My only option is to go private but this is not something I can afford unless I save….. I am doing this but it will take me years as we all know the costs of private dentistry in the UK.
To have the work required and then permanent “dentures” here in the UK it will be between £2500 to £3000!


I have also provided a screen shot of a conversation I’ve had with one private surgery (out of 4) in Banbury quoting the price of 1 single tooth implant! ‍

For me dental implants would be the dream but with a full set costing nearly £25000 here in the UK it will remain a dream!


A viable option and probably the route I will take is going to turkey for treatment, ive had a few consultations and they have all unknowingly told me the same thing in terms of treatment I need (which is what the NHS dentist also told me) so it’s just finding the right place.

So far the best option I’ve come across in Turkey is £6k, it’s still a massive amount but not as bad as UK prices!


I know it sounds strange but after all the trouble I’ve had with my teeth….to have them all removed and have “all on 6” implants placed would be a dream come true!!
A full set of straight, even, white teeth I can be proud of, eat whatever I want and smile again!!!
THIS IS MY END GOAL so I will keep looking until I find the right surgery for me.

I know I will need double of what I’m asking here but with what I am able to save aswell this amount will help hugely towards getting it done quicker.

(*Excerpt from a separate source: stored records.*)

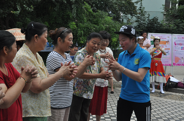 志愿者在秦淮区御道街蓝旗社区教老人做手指操 中国青年网通讯员李心电提供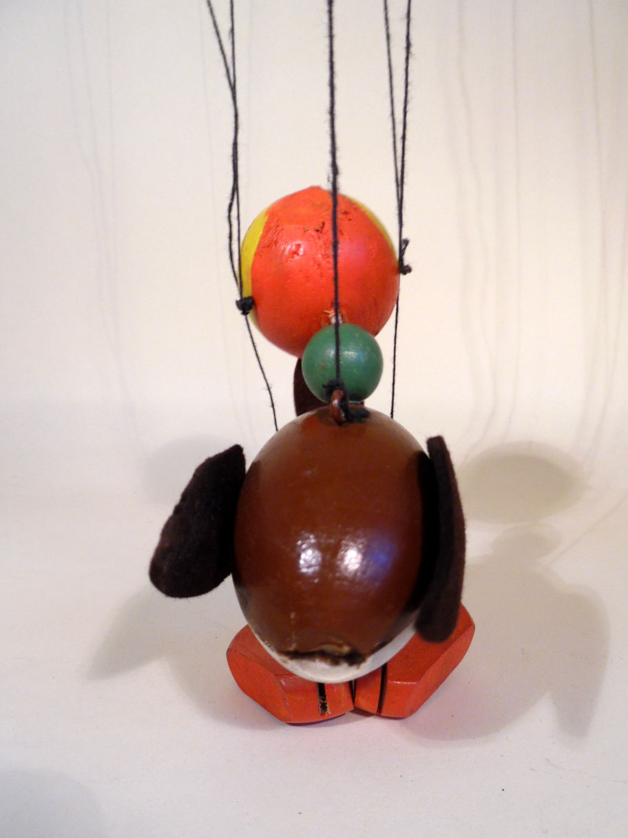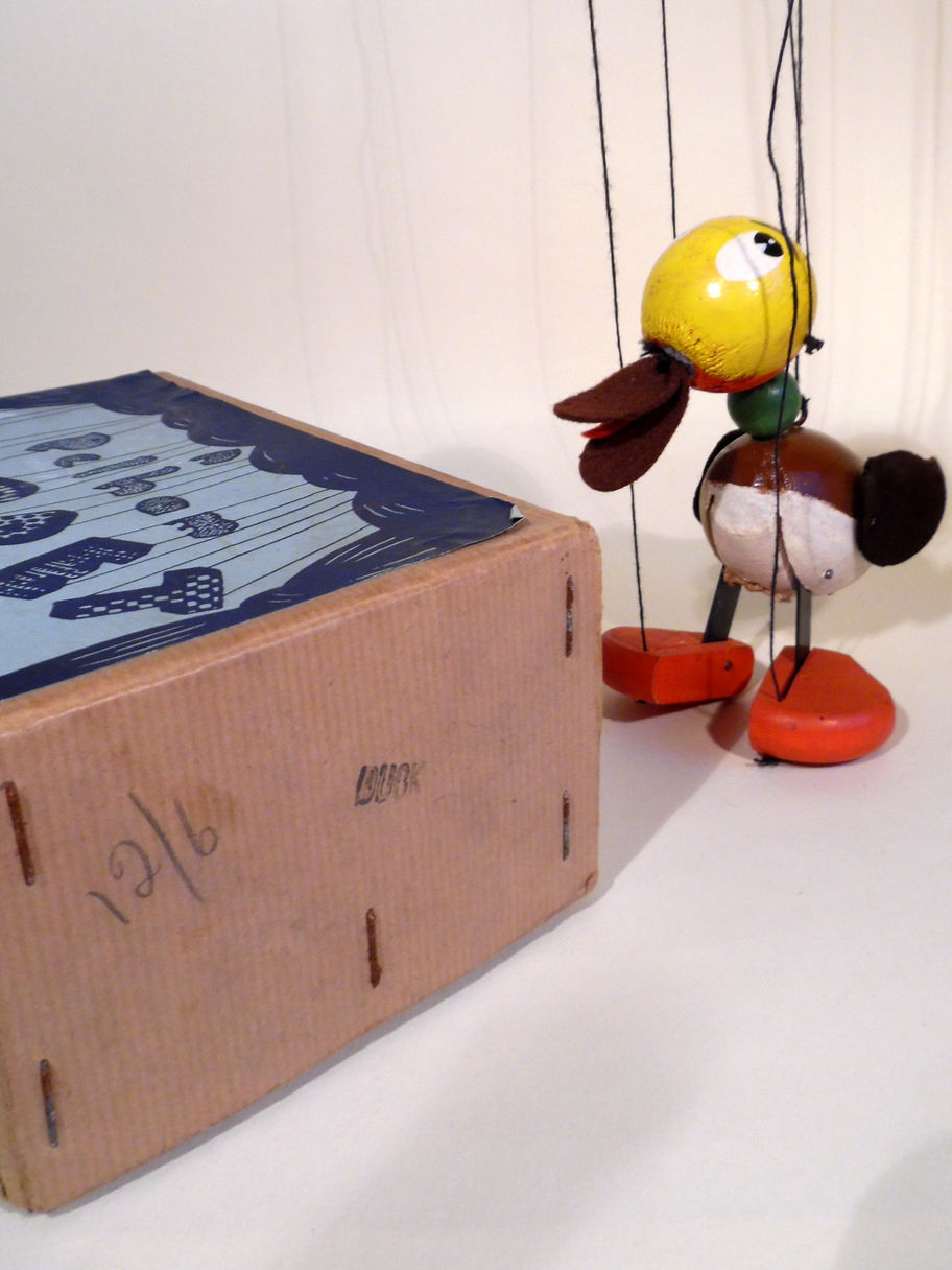 Duck made from wooden parts and metal leg strips. He is a great little puppet only measuring approx 6" tall. A rare character not often seen. The duck is in good condition.Felt parts are good with minimal moth damage. Wings are thick felt with very small moth nibbles and the beak has a moth nibble to the brown part as seen. The paintwork is in very good condition. Box stamped Duck is very good.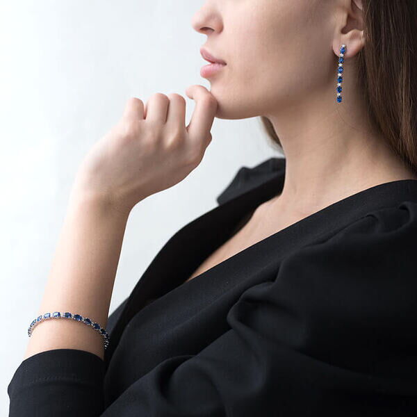 Женственный браслет с сапфирами и бриллиантами изготовлен из золота 750-й пробы. Родированное покрытие придает поверхности оригинальный цвет и особенный блеск. Препятствует возникновению аллергических реакций и делает его совершенно безопасным даже для людей с чувствительной кожей. Слой родия, который наносится на женские браслеты золотые, защищает драгоценный металл, обеспечивает повышенную устойчивость к механическому воздействию и негативным внешним факторам.

My self confidence, personal body image and mental health is at an all time low and I feel so ashamed and embarrassed of how I look, I’ve gone from a size 16 to a size 24 in the space of 2 years.
The grief from my mum passing away has not helped but my depression is primarily down to my teeth……which caused my agoraphobia which then of course led to my weight gain.
Its a viscous circle.
I hide away in my house and have been doing so for years now waiting for my new smile……now that’s not going to happen and I feel utterly broken and a shell of who I used to be.

I am so embarrassed to ask people of this as there are so many others struggling with much worse issues right now.

I don’t imagine this “go fund me” will go anywhere but my mum always told me…..If you don’t try then you will never know!

Thankyou for reading my story, if you are unable to help financially a simple share of this page would be hugely appreciated.